How many people should be vaccinated?

It is difficult to know the answer without making sure of the effectiveness of the supposed vaccine.

It is believed that between 60 and 70 percent of people should acquire the necessary immunity against the virus, to stop its spread easily (or what is known as collective immunity). This equates to billions of people worldwide, if the vaccine is shown to be effective.

How to make a vaccine?

Vaccines aim to safely identify the immune system, viruses, bacteria, or even small portions of them. Our immune defenses recognize them as foreign foreign bodies and learn to fight them.

If the body is exposed to the real virus, it will know what to do.

The main method adopted for vaccination for decades, based on the use of the original virus.

The triple vaccine (measles, mumps, and rubella) is made from weak viruses that cannot cause infection.

The seasonal flu vaccine uses the major strains of flu that circulate and completely stops them.

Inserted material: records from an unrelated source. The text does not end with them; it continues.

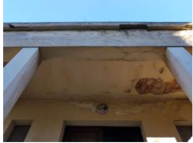
Patologie di degrado del pronao
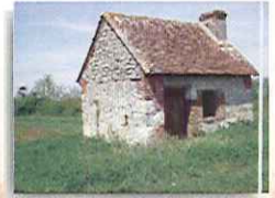
Loge de Vigne

Très bien exposés sur le coteau, les 120 hectares de vignes permettent la production de l'AOC : le Touraine Amboise. Certaines loges de vignes, qui servaient d'abris aux vignerons subsistent au milieu des cultures.
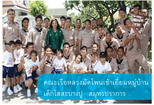
คณะเรือหลวงมัตโปนเข้าเยี่ยมหมู่บ้าน เด็กโสสะบางปู สมุทรปราการ
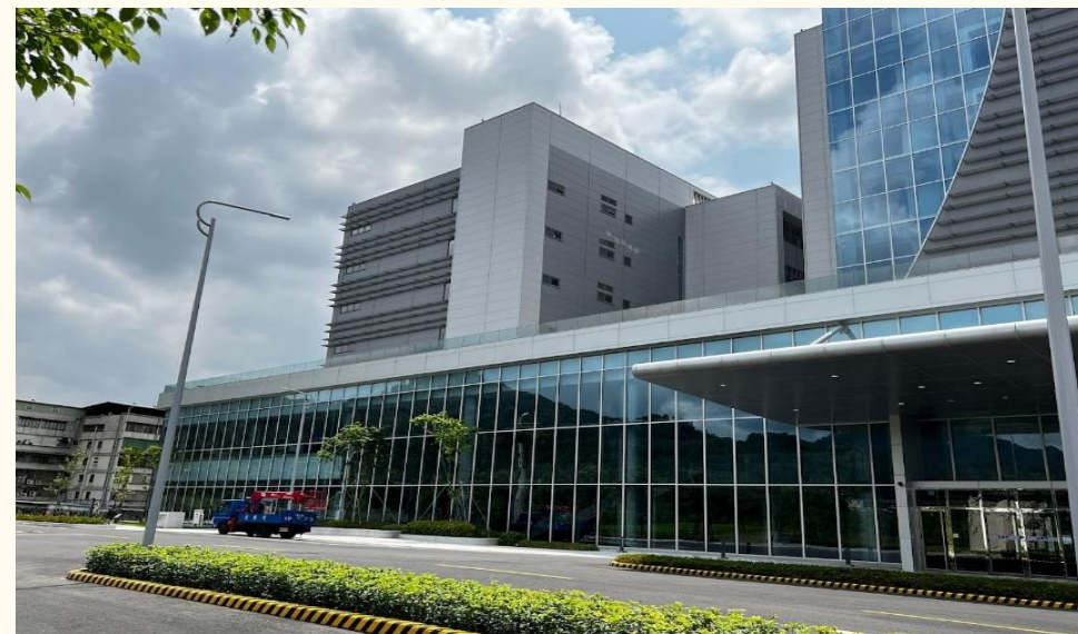
寶高智慧產業園區
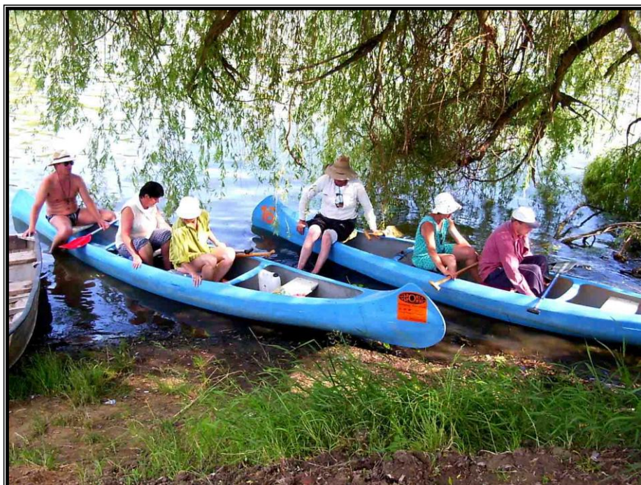
Kép 13: A „főúri” társaság megérkezik a kastélyhoz

sikerült úgy bezárnia, hogy csak a toronyszoba erkélyéről kiabálva tudta felhívni magára a figyelmet, és így tudott kiszabadulni.)
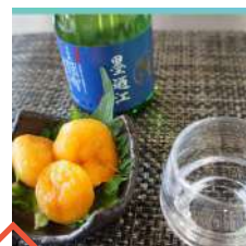
熟成日本酒と楽しむほや
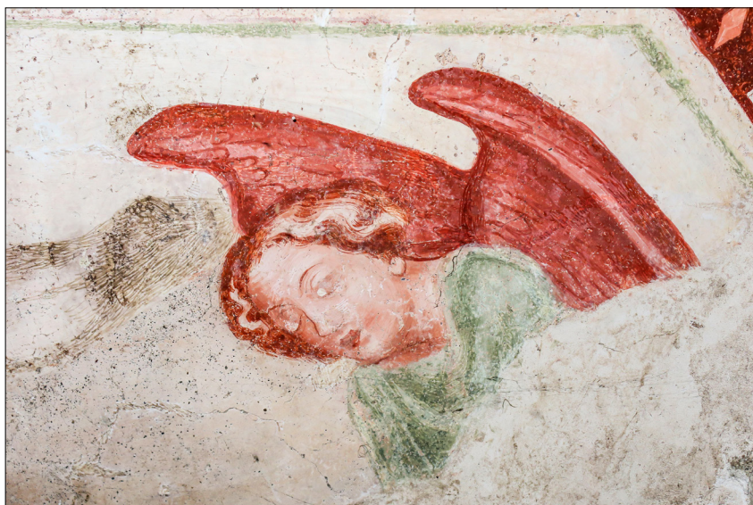
13. Furlanski slikar: Mučeništvo sv. Katarine Aleksandrijske (detajl angela nad obokom vhodne lope), konec 14. stoletja, cerkev sv. Miklavža, Godešič

prav tako ne drži. Kot v francoskem rokopisu iz 13. stoletja, ki ga navaja avtorica, 150 bi moral v središču enojnega (ne dvojnega) kolesa, ki ga obračajo manjši hudiči, biti večji hudič, na obodu pa naj bi bile mučene duše. Čeprav je kolo na Godešiču še razmeroma dobro vidno, na njem ni videti nobene od omenjenih figur. Avtorica sicer v kontekstu Poslednjih sodb (ki niso vezane na Pavlovo vizijo) opozarja tudi na rešitve z dvojnimi mučilnimi kolesom (»dvokolnica«), ki naj bi bilo pri nas nekdaj naslikano na Poslednji sodbi delavnice Janeza Ljubljanskega v ž. c. sv. Mihaela v Mengšu, 151 vendar v nobenem od takšnih primerov kolo ni zlomljeno, kakor je na Godešiču. Alenka Vodnik celo sama nekako opazi, da upodobitev na Godešiču odstopa od njene interpretacije, saj opozori, da je ime-
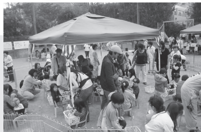
小動物ふれあい交流会
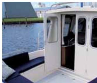
Nach achtern offen – die dreitei-lige Cockpittür.
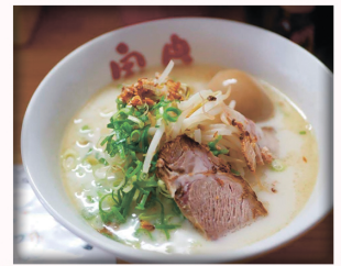
【鹿児島ラーメン宝島】 ラーメン
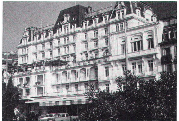
Symbole d'une élite touristique: l'hôtel Suisse. Symbol touristischer Noblesse: Das Hotel Suisse.

Treppenhaus mit Treppenlift für Behinderte.
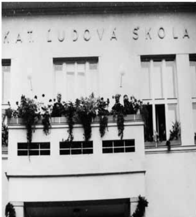
Na fotografii sa nachádza Andrej Hlinka na balkóne dnešného Obecného úradu.

Blíži sa dátum 16. august. Pre mnohých ľudí obyčajný všedný deň, možno pracovný, možno rekreačný. No 16. august nie je obyčajný deň. V tento deň si pripomíname pamiatku veľkej osobnosti slovenskej histórie. Osobnosti, ktorá „bojovala“ za slovenský život, jazyk, autonómiu. Osobnosť, akou bol otec národa Andrej Hlinka. Mnohí z vás určite vedia, že na priečelí budovy obecného úradu sa nachádza pamätná tabuľa Andreja Hlinku. Miestny odbor Matice slovenskej Devínska Nová Ves spolu s Obecným úradom Zohor vás pozývajú na pietnu spomienku, ktorá sa uskutoční pri pamätnej tabuli Andreja Hlinku dňa 13. 8. 2011 o 10:00 hodine. Príďte spolu s nami vzdať úctu tomuto veľikánovi.
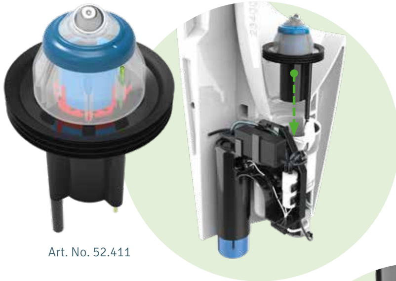
Art. No. 52.411
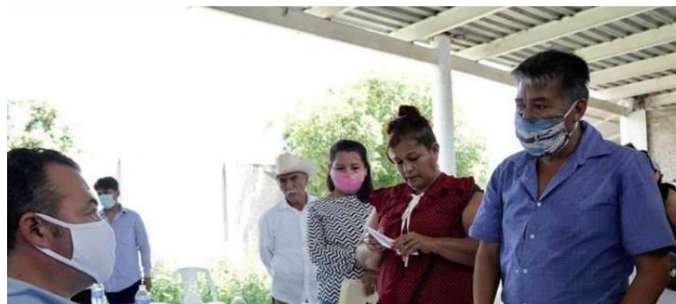
Reunión de trabajo con habitantes de la Comunidad de El Camarón, en la sierra de Atoyac de Álvarez.

Working on a new corona vaccine that uses a new and untested method called “plug and play” vaccines. Because we know the genetic map of the emerging virus, Sars-CoV-2, we have the ability to make it.

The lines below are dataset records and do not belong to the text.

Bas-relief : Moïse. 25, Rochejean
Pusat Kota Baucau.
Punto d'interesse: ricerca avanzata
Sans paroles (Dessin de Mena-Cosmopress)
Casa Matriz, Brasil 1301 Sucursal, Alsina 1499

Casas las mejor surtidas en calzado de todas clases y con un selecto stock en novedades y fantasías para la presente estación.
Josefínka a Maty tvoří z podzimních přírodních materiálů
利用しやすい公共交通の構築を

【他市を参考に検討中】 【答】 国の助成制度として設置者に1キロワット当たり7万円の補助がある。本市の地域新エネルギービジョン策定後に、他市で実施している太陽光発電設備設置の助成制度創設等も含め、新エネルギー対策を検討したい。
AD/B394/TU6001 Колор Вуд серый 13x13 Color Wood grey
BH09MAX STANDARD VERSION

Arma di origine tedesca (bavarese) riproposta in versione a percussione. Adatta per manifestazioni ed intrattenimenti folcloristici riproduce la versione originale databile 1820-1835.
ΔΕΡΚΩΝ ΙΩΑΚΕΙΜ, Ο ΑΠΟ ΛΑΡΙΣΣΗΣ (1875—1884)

Researchers from the University of Oxford have placed small parts of their genetic map on a harmless virus that infects chimpanzees. They hope that the vaccine they developed is a safe virus, similar to SK enough to create the desired immune response.

Other research groups turn to the production of portions of the raw genetic code, and once they are injected into the body, they are supposed to make viral proteins that our immune system can learn to fight.

Can the virus protect humans of all ages?

The vaccine will certainly be less successful with the elderly, because the immune system does not respond adequately during the aging of vaccines. We see this in seasonal flu vaccines, for example.

This problem can be overcome by giving them small doses of the vaccine, along with an auxiliary chemical that stimulates the immune system.

Who can get the vaccine?

If scientists succeed in developing the vaccine, then its production will be limited, at least in the early stages, which means that priorities need to be determined.

Health workers in contact with Covid-19 patients should be at the top of the list. Because the disease primarily kills the elderly, priority should be given if the vaccine is shown to be effective in this age group.

However, it may be better to vaccinate or care for people who live with the elderly.